INFORMATION SUPPLIED:
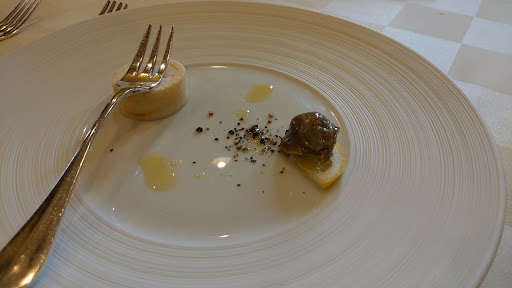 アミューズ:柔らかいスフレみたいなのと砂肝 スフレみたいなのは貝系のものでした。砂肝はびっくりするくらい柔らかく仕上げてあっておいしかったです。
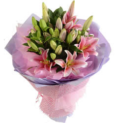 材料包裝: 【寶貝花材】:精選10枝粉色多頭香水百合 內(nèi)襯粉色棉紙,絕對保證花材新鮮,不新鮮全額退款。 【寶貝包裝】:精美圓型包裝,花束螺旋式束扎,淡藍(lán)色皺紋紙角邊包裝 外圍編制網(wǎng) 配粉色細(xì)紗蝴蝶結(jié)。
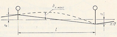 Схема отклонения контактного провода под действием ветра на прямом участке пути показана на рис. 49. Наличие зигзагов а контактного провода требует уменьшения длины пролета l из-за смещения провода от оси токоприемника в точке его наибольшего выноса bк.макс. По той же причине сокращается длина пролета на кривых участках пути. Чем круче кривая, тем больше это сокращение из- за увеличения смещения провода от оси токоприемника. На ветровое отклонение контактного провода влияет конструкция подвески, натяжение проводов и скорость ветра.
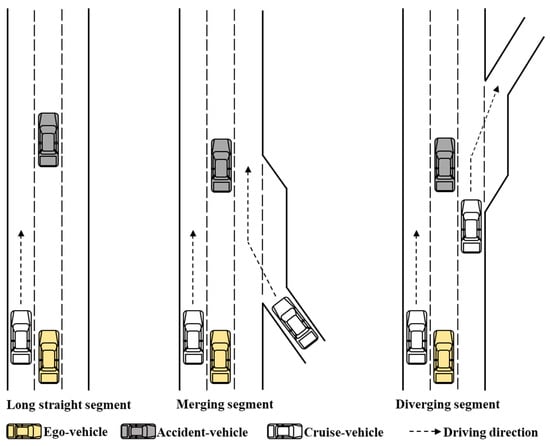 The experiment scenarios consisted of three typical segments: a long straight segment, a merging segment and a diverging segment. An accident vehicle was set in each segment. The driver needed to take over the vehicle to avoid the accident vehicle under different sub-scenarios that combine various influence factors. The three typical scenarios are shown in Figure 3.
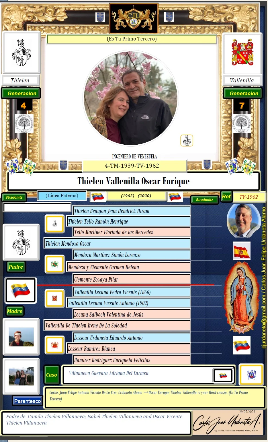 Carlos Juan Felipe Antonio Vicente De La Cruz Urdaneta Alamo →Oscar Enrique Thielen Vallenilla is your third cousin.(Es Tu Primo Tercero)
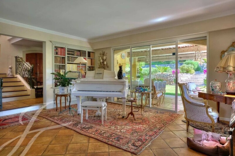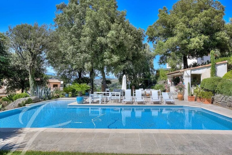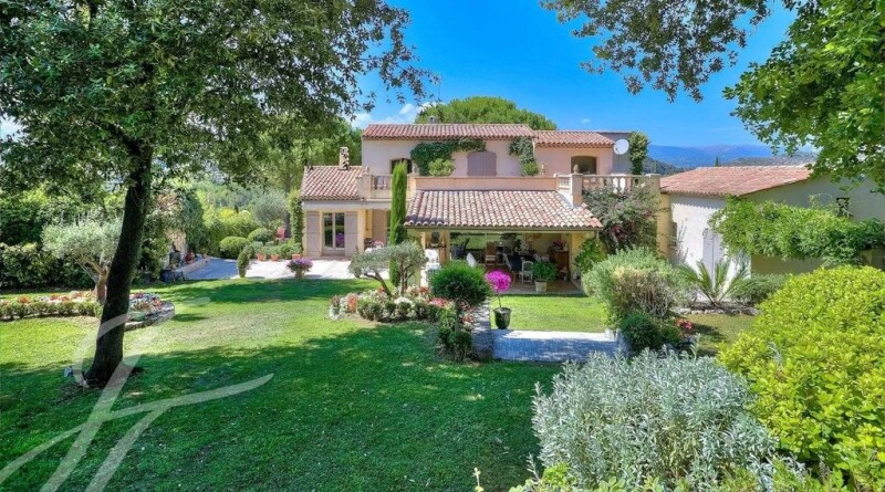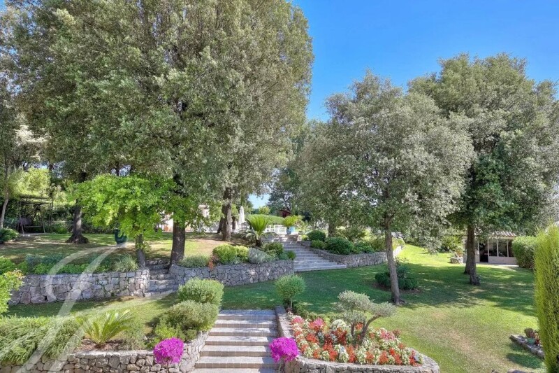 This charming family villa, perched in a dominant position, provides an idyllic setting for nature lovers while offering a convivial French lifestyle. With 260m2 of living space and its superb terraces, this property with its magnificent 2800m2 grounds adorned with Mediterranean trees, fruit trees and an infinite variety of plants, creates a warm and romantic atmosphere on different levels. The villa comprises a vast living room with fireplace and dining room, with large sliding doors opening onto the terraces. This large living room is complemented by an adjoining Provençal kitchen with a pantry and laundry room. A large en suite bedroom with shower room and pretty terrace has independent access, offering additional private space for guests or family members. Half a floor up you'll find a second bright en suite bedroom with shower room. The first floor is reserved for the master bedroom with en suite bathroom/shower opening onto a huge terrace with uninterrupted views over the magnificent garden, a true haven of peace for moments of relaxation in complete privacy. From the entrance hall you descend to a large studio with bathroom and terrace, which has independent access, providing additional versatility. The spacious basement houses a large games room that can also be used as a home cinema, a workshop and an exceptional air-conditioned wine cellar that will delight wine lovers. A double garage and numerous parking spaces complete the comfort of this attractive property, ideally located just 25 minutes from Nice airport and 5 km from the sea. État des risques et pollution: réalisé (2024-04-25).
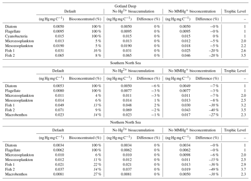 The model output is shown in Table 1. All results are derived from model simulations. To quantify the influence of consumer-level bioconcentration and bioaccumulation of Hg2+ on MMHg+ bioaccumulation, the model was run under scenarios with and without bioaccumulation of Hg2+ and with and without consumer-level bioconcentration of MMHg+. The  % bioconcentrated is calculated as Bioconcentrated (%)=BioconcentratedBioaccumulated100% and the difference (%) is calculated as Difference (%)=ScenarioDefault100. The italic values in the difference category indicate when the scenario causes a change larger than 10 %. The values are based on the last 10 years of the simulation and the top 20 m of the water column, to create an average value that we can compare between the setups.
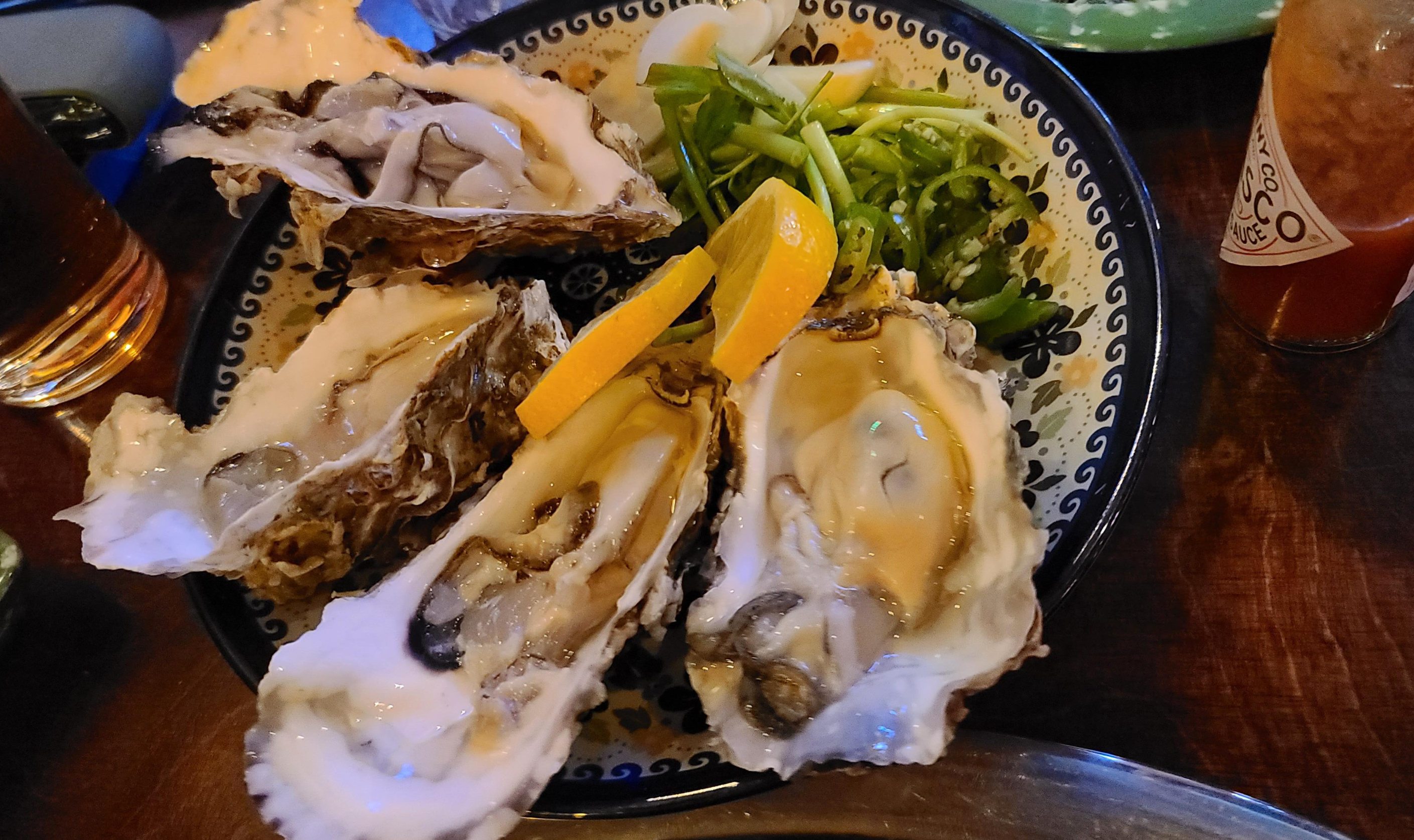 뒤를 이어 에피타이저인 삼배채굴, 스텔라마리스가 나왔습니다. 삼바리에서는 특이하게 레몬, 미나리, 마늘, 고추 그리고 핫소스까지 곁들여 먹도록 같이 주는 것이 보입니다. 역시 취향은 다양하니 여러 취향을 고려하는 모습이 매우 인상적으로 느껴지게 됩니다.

EXERCISE OBJECTIVE:
Ending at the line with "材料包裝: 【寶貝花材】:精選10枝粉色多頭香水百合 內(nèi)襯粉色棉紙,絕對保證花材新鮮,不新鮮全額退款。", reproduce exactly the lines that begin at the top of the data, and include no pictures.

SOLUTION:
 アミューズ:柔らかいスフレみたいなのと砂肝 スフレみたいなのは貝系のものでした。砂肝はびっくりするくらい柔らかく仕上げてあっておいしかったです。
 材料包裝: 【寶貝花材】:精選10枝粉色多頭香水百合 內(nèi)襯粉色棉紙,絕對保證花材新鮮,不新鮮全額退款。 【寶貝包裝】:精美圓型包裝,花束螺旋式束扎,淡藍(lán)色皺紋紙角邊包裝 外圍編制網(wǎng) 配粉色細(xì)紗蝴蝶結(jié)。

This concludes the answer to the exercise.